KERBAU DAN BABI DALAM PERSPEKTIF ILMIAH
Sejarah Kerbau
Kerbau
(bubalus bubalis) merupakan jenis hewan yang termasuk famili bovidae
dan sudah dikenal sejak masa prasejarah, terbukti dari beberapa fragmen
tulang dan giginya yang ditemukan pada ekskavasi beberapa situs di
Indonesia. Di Sumatera situs-situs yang mengandung temuan tersebut
antara lain situs Gua Togindrawa, Nias dan Situs Bukit Kerang Pangkalan,
Aceh Tamiang. Di kedua situs yang merupakan situs mesolitik itu
menunjukkan adanya pengkonsumsian jenis hewan famili bovidae. Kemudian
di daerah lain yaitu pada situs megalitik juga ditemukan bagian gigi
kerbau (bovidae) pada kubur batu (phandusa) di Bondowoso, pada dolmen di
situs Telagamukmin, Lampung Utara, serta tulang-tulang hewan ini di
bawah menhir di Wonogiri (Sukendar, 1990 : 215). Kerbau dewasa dapat
memiliki berat sekitar 300 kg hingga 600 kg. Kerbau liar dapat memiliki
berat yang lebih, kerbau liar betina dapat mencapai berat hingga 800 kg
dan kerbau liar jantan dapat mencapai berat hingga 1200 kg. Berat
rata-rata kerbau jantan adalah 900 kg dan tinggi rata-rata di bagian
pundak kerbau adalah 1,7 m. Salah satu ciri yang membedakan kerbau liar
dari kerbau peliharaan untuk ternak adalah bahwa kerbau peliharaan
memiliki perut yang bulat. Dengan adanya percampuran keturunan antara
kerbau-kerbau antara populasi yang berbeda, berat badan kerbau dapat
bervariasi. Klasifikasi kerbau masih belum pasti, beberapa autoritas
mengelompokkan kerbau sebagai suatu spesies Bubalus bubalis dengan tiga
subspesies yaitu :
1. Kerbau liar (bubalus bubalis arnee) moyang bagi kerbau sungai.
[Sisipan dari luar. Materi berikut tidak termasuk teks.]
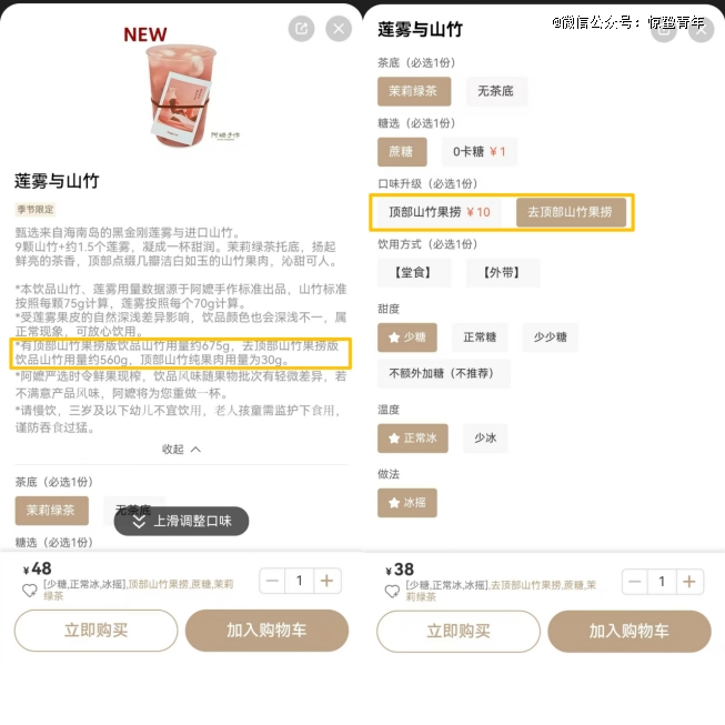 阿嬷手作贴心地为新品设置了两个付费门槛,分别是38元和48元两个价位。其中的10元差价,主要是在48元版本中,除了果茶本身的山竹含量有所增加外,还额外添加了30g顶部山竹果捞。

2. Kerbau sungai (bubalus bubalis bubalis) yang berasal dari Asia Selatan.
3. Kerbau rawa (bubalus bubalis carabanesis) dari Asia Tenggara.
Dapat
dikatakan bahwa kerbau merupakan binatang yang mempunyai nilai penting
dalam kehidupan masyarakat dari dulu hingga kini. Melalui data
ekofaktual yang ditemukan di situs-situs mesolitik kemungkinan jenis
hewan tersebut hidup liar di hutan Indonesia. Hewan tersebut diburu dan
dikonsumsi untuk memenuhi kebutuhan makanan manusia pada masa itu.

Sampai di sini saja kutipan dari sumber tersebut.